● **TASK**:
The needed output is the run of lines below from the one containing "Die Räume und" through the one containing "ADDENDUM [07/07/22]: I", copied exactly and free of pictures.

● **DATA EXTRACTS**:

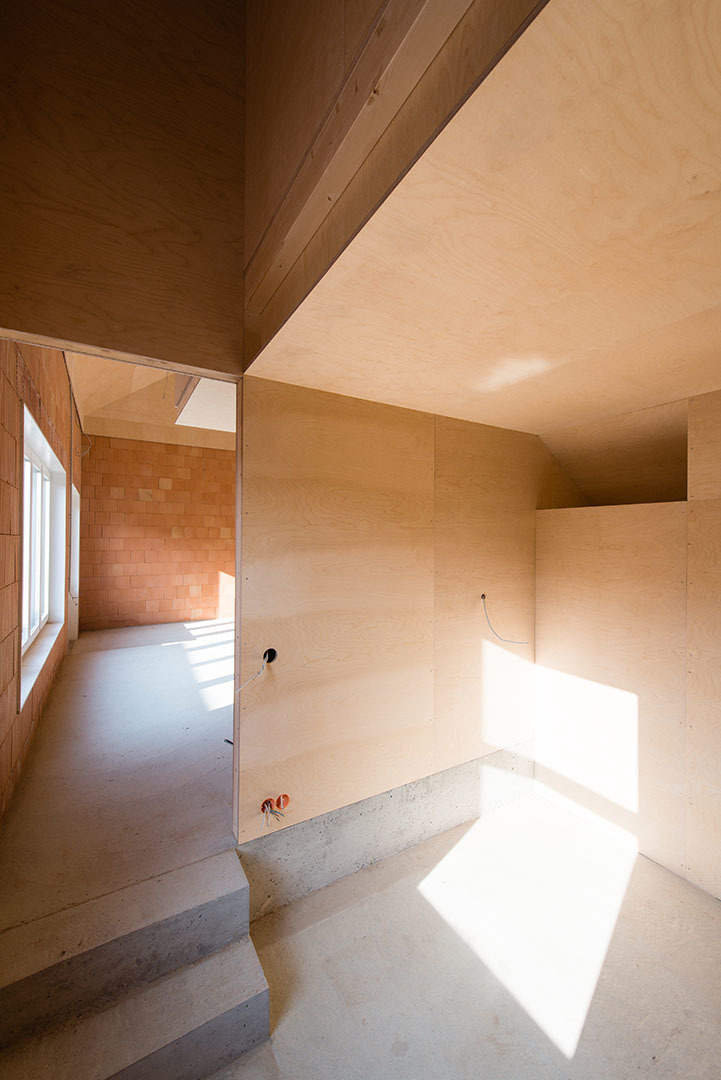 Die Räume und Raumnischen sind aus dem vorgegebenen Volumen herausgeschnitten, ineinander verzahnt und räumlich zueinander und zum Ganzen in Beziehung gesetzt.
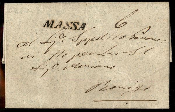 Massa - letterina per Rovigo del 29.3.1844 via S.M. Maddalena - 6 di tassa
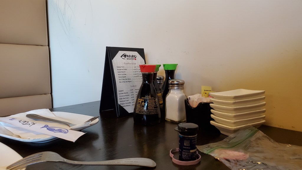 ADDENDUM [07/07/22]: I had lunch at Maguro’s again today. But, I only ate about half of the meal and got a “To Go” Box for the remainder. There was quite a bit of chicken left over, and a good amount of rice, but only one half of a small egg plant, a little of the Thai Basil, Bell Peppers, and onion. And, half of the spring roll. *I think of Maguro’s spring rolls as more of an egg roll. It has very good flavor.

...

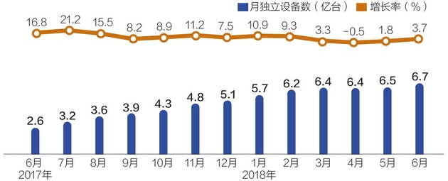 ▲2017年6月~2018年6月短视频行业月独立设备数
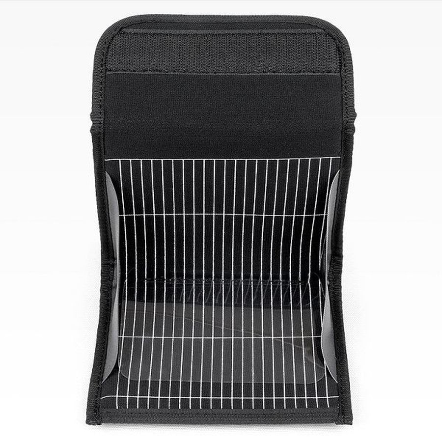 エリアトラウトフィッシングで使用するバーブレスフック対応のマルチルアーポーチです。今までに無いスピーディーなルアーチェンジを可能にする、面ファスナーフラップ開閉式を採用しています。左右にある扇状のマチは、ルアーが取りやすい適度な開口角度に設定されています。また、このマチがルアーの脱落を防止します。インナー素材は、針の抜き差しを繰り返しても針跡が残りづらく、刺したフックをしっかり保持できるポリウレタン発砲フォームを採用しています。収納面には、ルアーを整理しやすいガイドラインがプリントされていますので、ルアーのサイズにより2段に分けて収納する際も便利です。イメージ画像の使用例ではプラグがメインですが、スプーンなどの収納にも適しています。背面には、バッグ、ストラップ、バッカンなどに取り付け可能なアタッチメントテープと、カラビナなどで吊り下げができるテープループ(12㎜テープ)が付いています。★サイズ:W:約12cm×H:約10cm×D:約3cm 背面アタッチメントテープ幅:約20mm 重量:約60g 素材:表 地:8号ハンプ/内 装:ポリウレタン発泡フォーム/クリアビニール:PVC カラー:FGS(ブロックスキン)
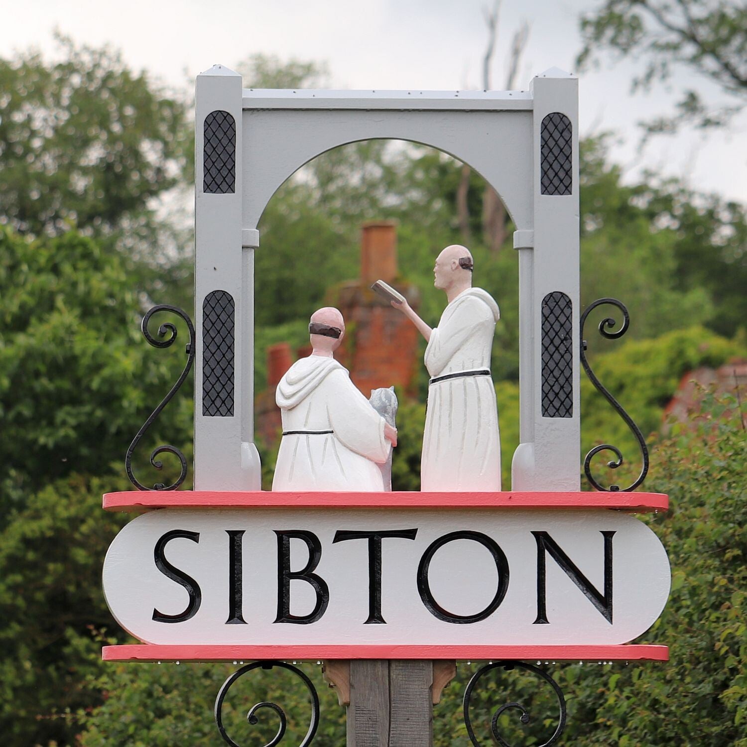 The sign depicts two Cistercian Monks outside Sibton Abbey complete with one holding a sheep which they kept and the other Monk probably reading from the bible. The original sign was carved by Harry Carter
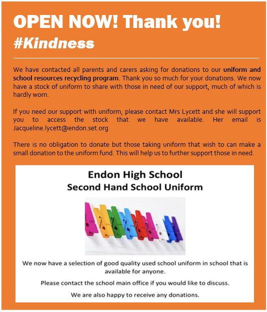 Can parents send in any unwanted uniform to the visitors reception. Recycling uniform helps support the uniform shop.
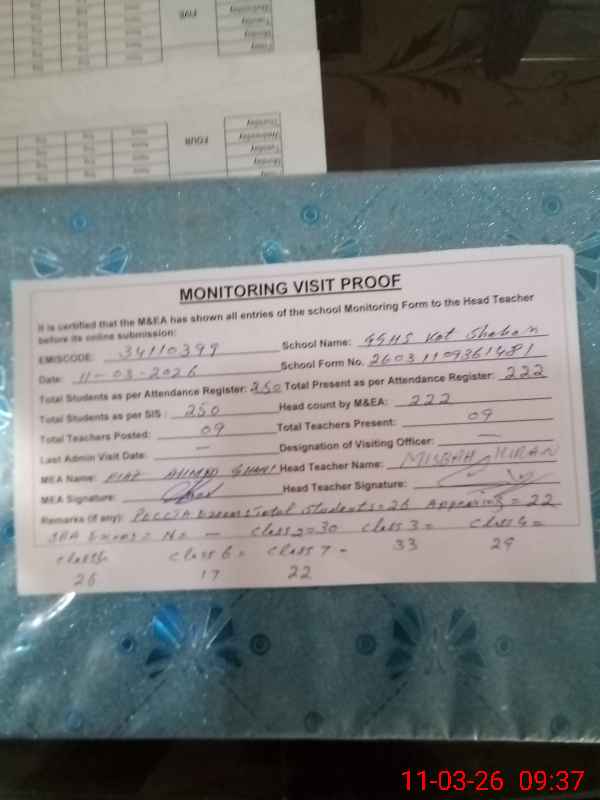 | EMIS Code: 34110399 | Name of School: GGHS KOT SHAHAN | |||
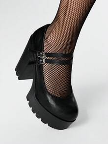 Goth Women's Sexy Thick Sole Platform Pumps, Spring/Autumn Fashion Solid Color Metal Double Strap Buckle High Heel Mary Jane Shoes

● **TASK SOLUTION**:
 Die Räume und Raumnischen sind aus dem vorgegebenen Volumen herausgeschnitten, ineinander verzahnt und räumlich zueinander und zum Ganzen in Beziehung gesetzt.
 Massa - letterina per Rovigo del 29.3.1844 via S.M. Maddalena - 6 di tassa
 ADDENDUM [07/07/22]: I had lunch at Maguro’s again today. But, I only ate about half of the meal and got a “To Go” Box for the remainder. There was quite a bit of chicken left over, and a good amount of rice, but only one half of a small egg plant, a little of the Thai Basil, Bell Peppers, and onion. And, half of the spring roll. *I think of Maguro’s spring rolls as more of an egg roll. It has very good flavor.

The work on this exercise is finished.